Fan theories abound about “how they’re going to get out of this” (“will they?” isn’t really the question with the franchise’s future secured) but those questions aren’t on our minds from the very last scene of the movie, as the villain sits and gets literally everything he wanted. Thanos realizes when he’s doing bad things, but still believes he’s the hero – he just doesn’t believe he’s a Marvel hero.
And in a Marvel movie, that’s what makes him such a terrifying foil to Marvel heroes. It makes him the ultimate villain we were promised throughout these Avengers movies, which have been primarily about heroes being friends and taking on big bullies of, um, their own making. At the end of the story, the Avengers’ utter defeat comes from a foe who negates their combined strength psychologically and ideologically.

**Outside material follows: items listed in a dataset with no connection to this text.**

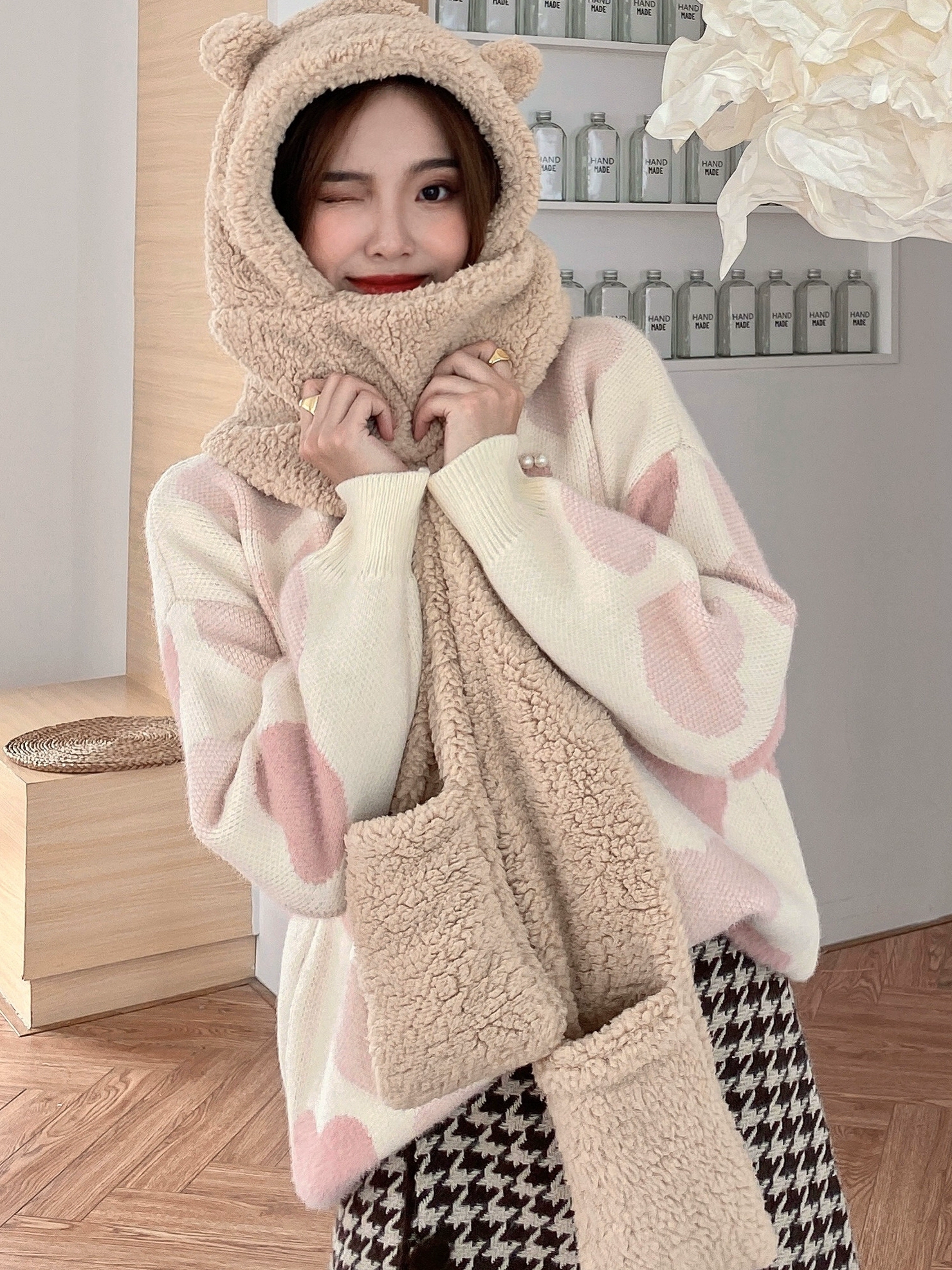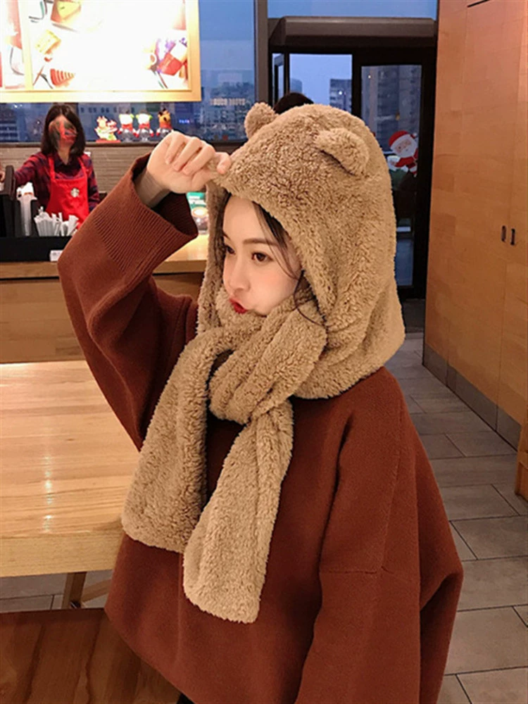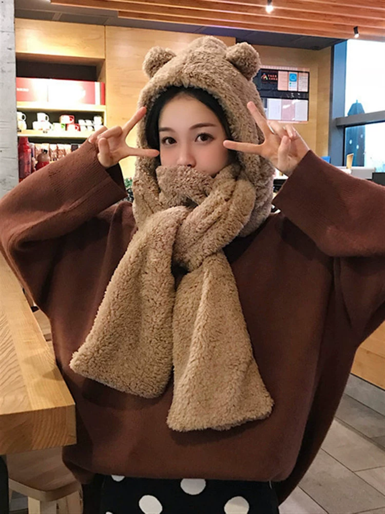 | nameOriginal | Cute bear hat scarf one-piece thickened student knitted warm one-piece hat scarf women's winter Korean version multi-purpose |
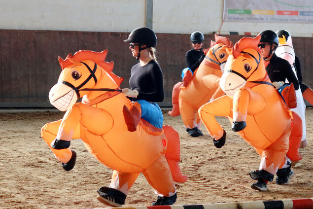 Für ordentlich Gelächter sorgte die Spaßnummer "Jump & Dog", bei der sich Reiter, Mensch und Hund ein Wettrennen lieferten. Und als wäre das nicht schon genug gewesen, stahlen die Pony-Kinder mit ihren knallbunten Plastikpferden allen die Show: Mit viel Charme und einer ordentlichen Portion Fantasie zauberten sie eine Pferdeshow auf die Bühne, die irgendwo zwischen Manege und großer Reitkunst lag.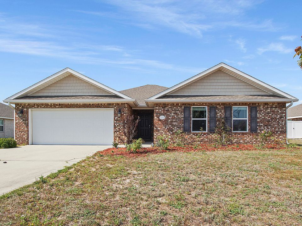 4 Bedroom/ 2 bathroom BRICK home in the gated community of 'Hodges Bayou Plantation'! Located just off CR 2321 and Hwy 77 near Deerpoint Lake, and public boat access. This home showcases an open-concept split floor-plan featuring luxury vinyl plank flooring throughout all common areas. Right of the spacious formal entry way sits the secondary bedrooms, full guest bathroom featuring a tub/shower combo, and laundry room. Large living room featuring recessed lighting overlooks the kitchen; Kitchen features a island/breakfast bar with granite countertops and under-mount sink, tile backsplash, stainless steel appliances, pantry, and eat-in dining area. Master features a walk-in closet, double vanity's, separate shower, and soaker tub. Exterior showcases a fenced backyard, covered back patio and shed.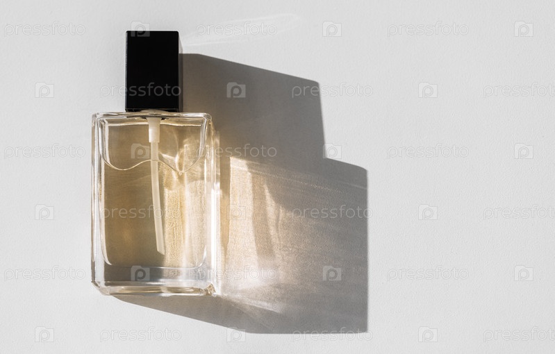 Крупный план прозрачного стеклянного флакона для духов с черной крышкой. Макет флакона с ароматной водой на белом фоне. Косметические продукты. Яркий солнечный свет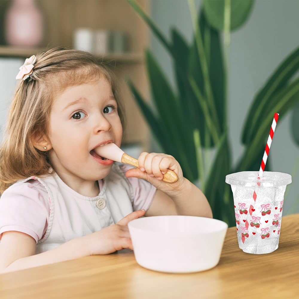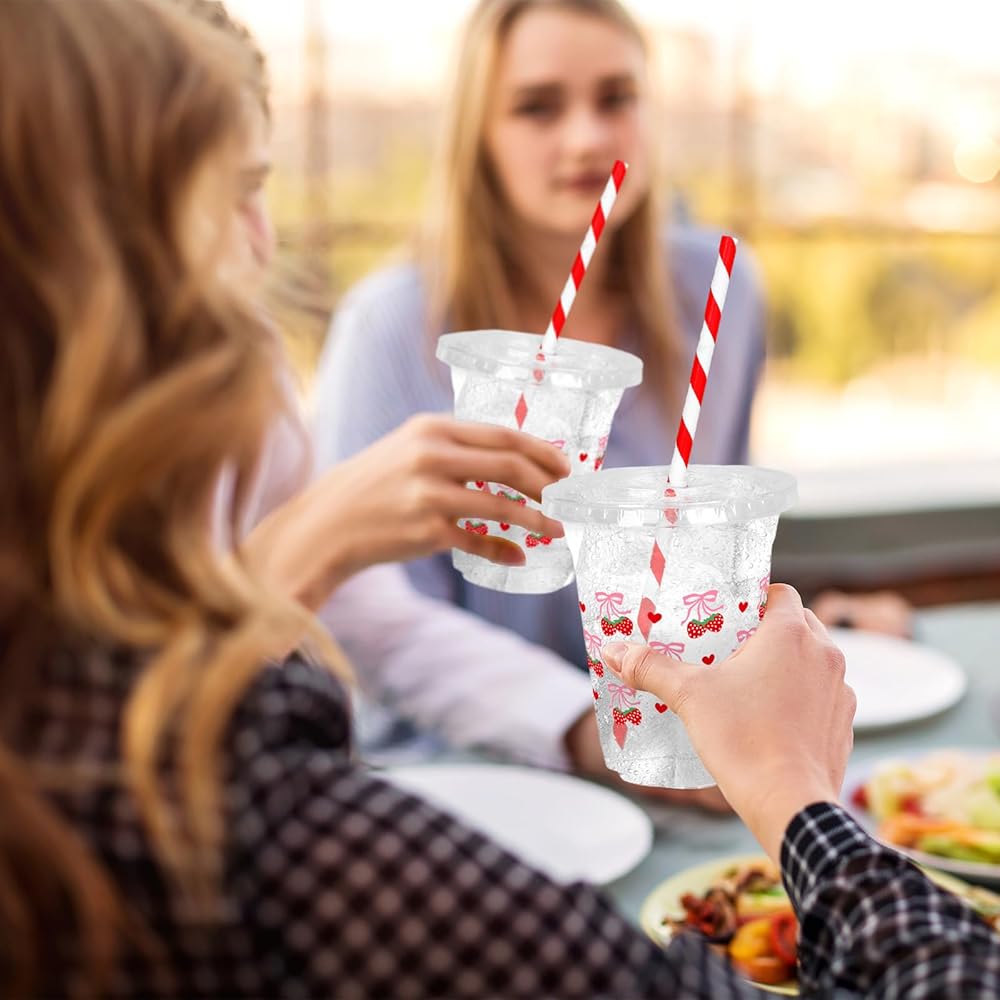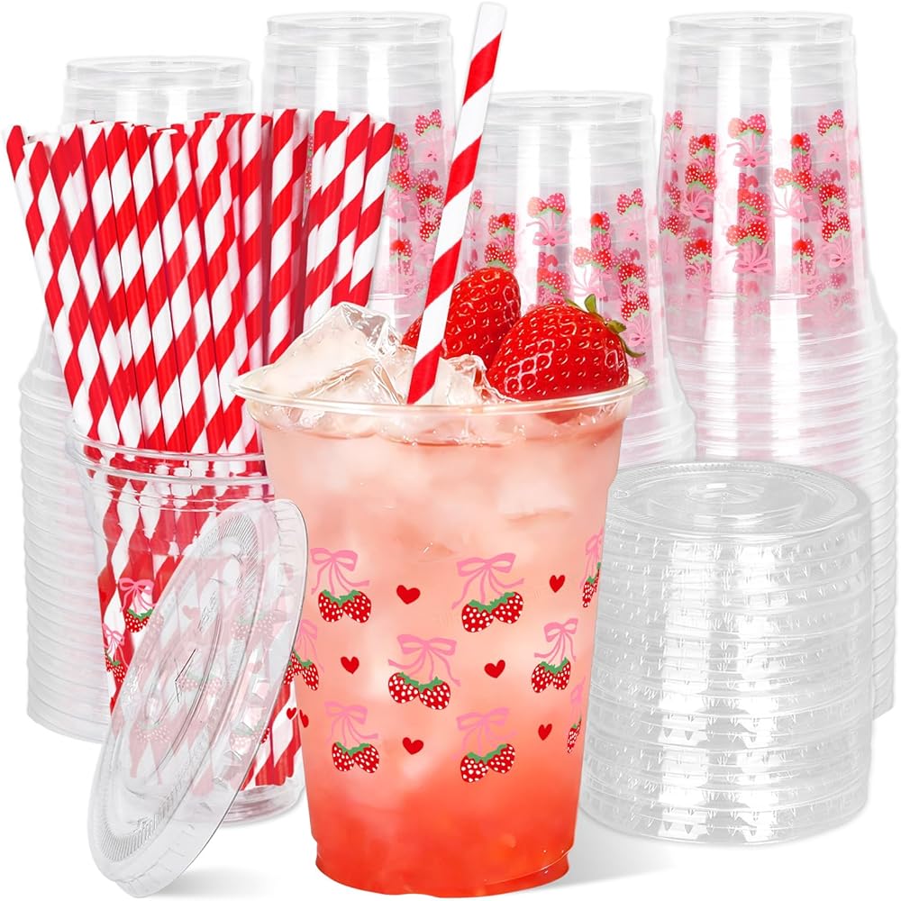 TRENDY DESIGN: Our clear cups with lids and straws are printed with pink bow and heart patterns, pretty and stylish, full of aesthetic style, matching straws are in pink and white stripe design, all people will love these lovely cups set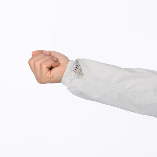 裾と肩口はゴムでフィット感を高めて空気の流出を防ぐことで、ウエア内の空気の循環効率を高めています。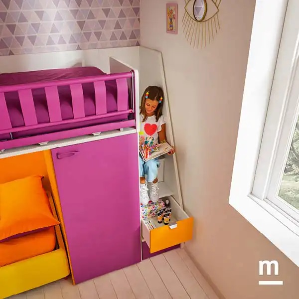 Для доступа к верхней кровати удобнее всего воспользоваться боковой лестницей. На первый взгляд она может показаться громоздкой, но на самом деле практична благодаря наличию выдвижных ящиков. Ящики, способные вместить игры и бережно хранить книги и предметы, выполняют двойную функцию.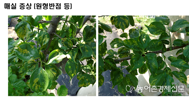 자두곰보병 의심 증상을 발견한 농가는 가까운 도 농업기술원, 시군 농업기술센터나 농촌진흥청(농업기술상담 1544-8572)에 신속하게 신고해야 한다.
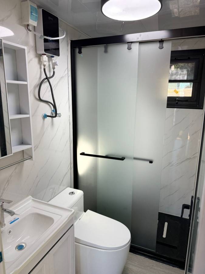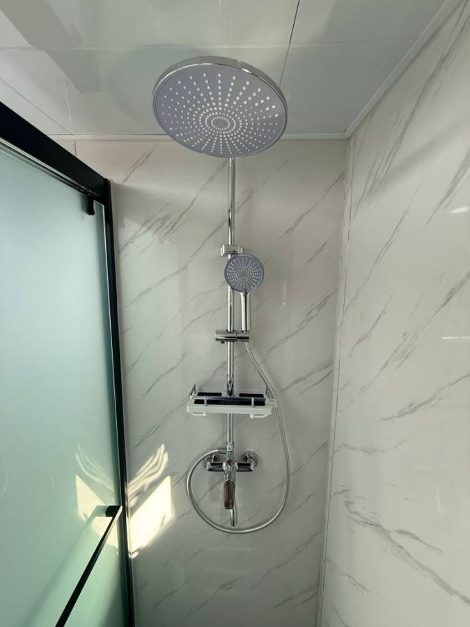 - beépített fürdő – zuhanyzó, kézmosó, toalett – átfolyós vízmelegítővel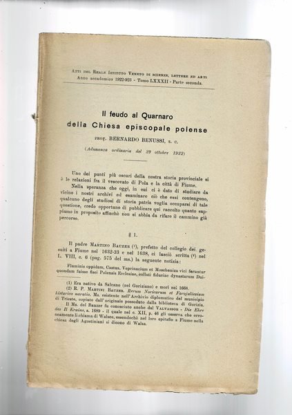 Il feudo al Quarnaro della chiesa episcopale polense. Estratto dagli Atti del Reale Istituto Veneto di scienze lettere e arti del 1922-1923. | Libri antichi e moderni | Benussi Bernardo.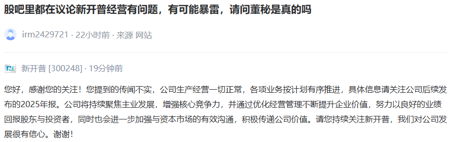 对此,新开普表示:“传闻不实,公司生产经营一切正常,各项业务按计划有序推进,具体信息请关注公司后续发布的2025年报。公司将持续聚焦主业发展,增强核心竞争力,并通过优化经营管理不断提升企业价值,努力以良好的业绩回报股东与投资者,同时也会进一步加强与资本市场的有效沟通,积极传递公司价值。”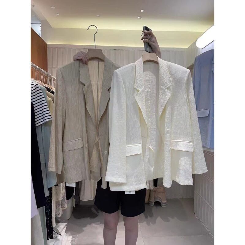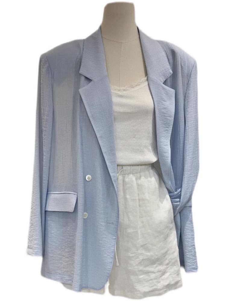 [EWQ] リネンコットン薄手ブレザールーズシングルブレストスーツジャケット長袖ポケットサマートップ ロング 夏物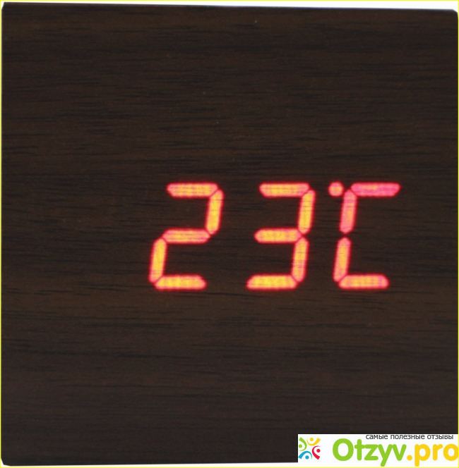 Часы сделаны из дерева. Оно отлично отшлифовано. Часы показывают время. Время можно установить чтобы показывало в двенадцатичасовом формате и в двадцати четырём формате. Также, часы показывают температуру воздуха в вашей квартире. Температуру можно также настроить, чтобы показывало по Цельсию и Фаренгейту. Подсветка у часов одна- красного цвета. Часы поочерёдно показывают время и температуру. Работают часы автономно через батарейки, но они также способны работать от USB-кабеля, который идёт в комплекте к данным часам. Поэтому, если у вас сели батарейки в часах, то можно подключить их через USB-кабель.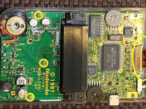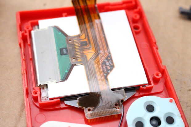 Ahora es un buen momento para limpiar la carcasa frontal con agua y jabón. Déjelo secar. A continuación, frente al PCB, retire los dos tornillos pequeños que fijan el cable de cinta de la pantalla al frente del PCB.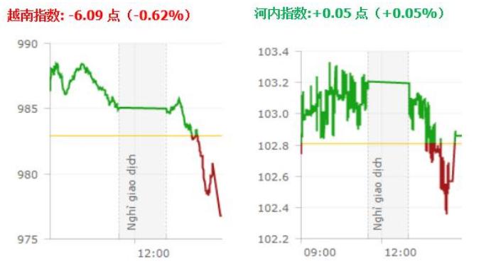 今日越南股市早盘时呈现良好复苏态势,但空头势力尾盘增大,致使两市指数的涨幅有所缩小,越南指数甚至下跌超过6点。截至收盘,越南指数下跌7.42点,报976.79点,跌幅0.62%,成交1.99亿股,成交总额为4.66万亿越盾。河内指数微涨0.05点,报102.86点,涨幅0.05%,成交2348万股,成交总额为3579.4亿越盾。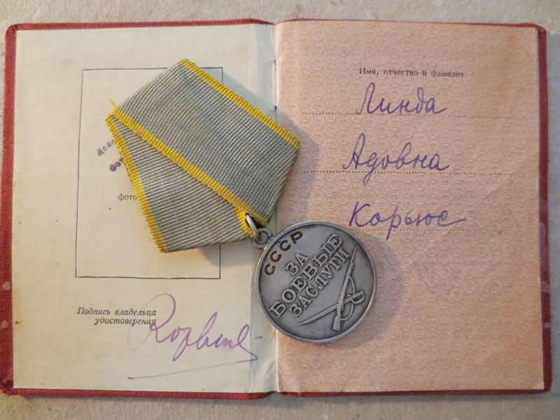 Lahinguteenete medal saadud Narva jõe pealetungilahingutes, kus parandas vaenlase tugeva tule all sideliine ja tagas katkematu side.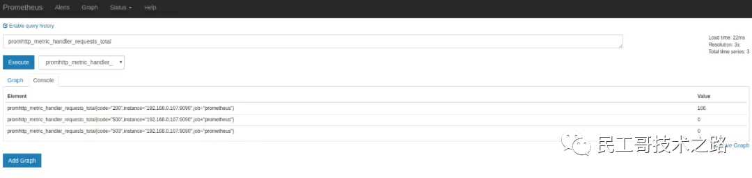 promhttp_metric_handler_requests_total{code="200",instance="192.168.0.107:9090",job="prometheus"} 106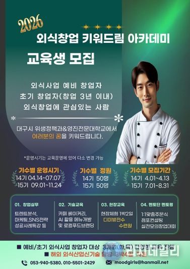 노권율 대구광역시 위생정책과장은 “이번 외식창업 ‘키워드림’ 아카데미가 침체된 지역경제에 새로운 활력을 불어넣길 기대한다”며 “내실 있는 교육과정 운영을 통해 실패를 최소화하는 창업 생태계를 조성하고, 대구 외식업계가 지속 가능한 성장을 이어갈 수 있도록 적극 지원하겠다”고 말했다.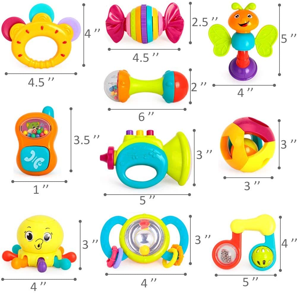iPlay, iLearn 10pcs Baby Rattles Toys Set, Infant Grab N Shake Rattle, Sensory Teether, Early Development Learning Music Toy, Newborn Birthday Gifts for 0 1 2 3 4 5 6 7 8 9 10 12 Month Babies Boy Girl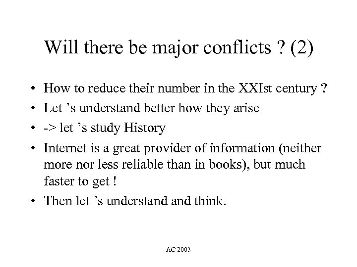 Will there be major conflicts ? (2) • • How to reduce their number in the XXIst century ? Let ’s understand better how they arise -> let ’s study History Internet is a great provider of information (neither more nor less reliable than in books), but much faster to get ! • Then let ’s understand think. AC 2003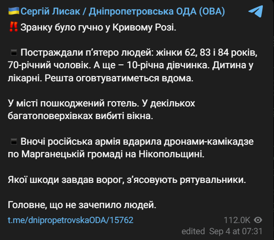 Об этом сообщает глава Днепропетровской ОВА Сергей Лысак.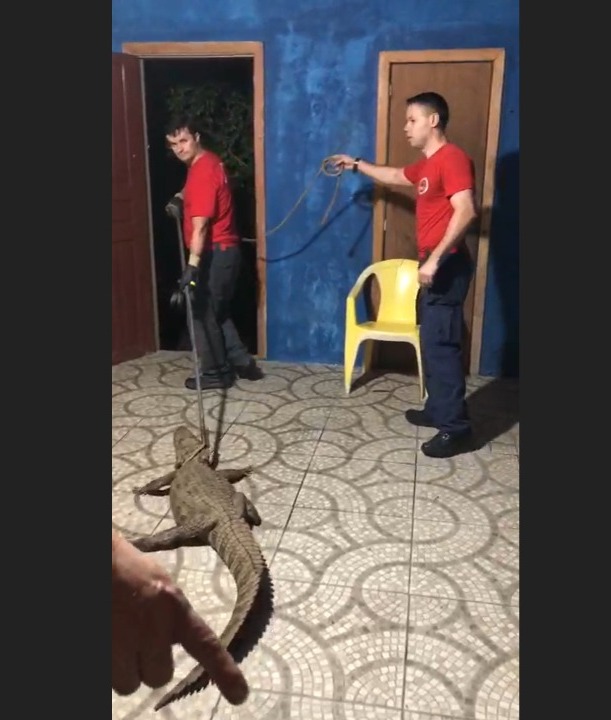 O Corpo de Bombeiros foi acionado na noite desta quinta-feira (4), para ajudar na captura. Este jacaré é considerado de grande porte com 1,6 metro e mais de 50 quilos. Ele foi capturado e devolvido ao habitat natural, mas assustou um morador da área.
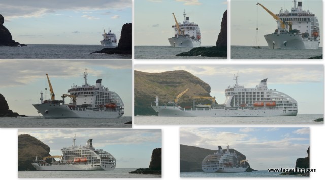 Comme prévu, le lendemain matin l’Aranui” se pointe à l’entrée de la baie de Vaipaee. Comment va t’il pouvoir entrer dans ce goulet étroit? D’abord nous entendons l’ancre qui descend dans un grondement de ferraille, puis le cargo se positionne en travers de la baie… avant de terminer son demi-tour. Deux barges sont mises à l’eau pour aller fixer des amarres de chaque côté de la baie. Voilà nous ne pouvons plus sortir de la baie! ![]()

He outpunches the Hulk, and outsmarts Iron Man, and does all of those things that a lesser CG villain could easily do. He even arrives with his own super-team of alien henchmen, drawn from the 2013 comic series Infinity and led by creepy, sassy hype man Ebony Maw, but they ultimately feel like supporting characters in his solo movie. From Brolin’s chilling mo-cap performance, to the way in which he overtakes the story from all these characters we already like, Thanos easily joins Killmonger in the top flight of Marvel’s rogues gallery, but only for a few of the same reasons.
Ultimately, Thanos is such an effective villain, his dominance in Infinity War is unfettered even by the notoriously rigid narrative conventions of a franchise 19 films deep. For a film based largely on the story of a 28-year-old comic book series, in a franchise whose safety net is woven by the metatextual ties of sequels that will apparently continue for at least another decade, the film’s bold structural departures are underlined by the very last words we see on screen – Thanos will return.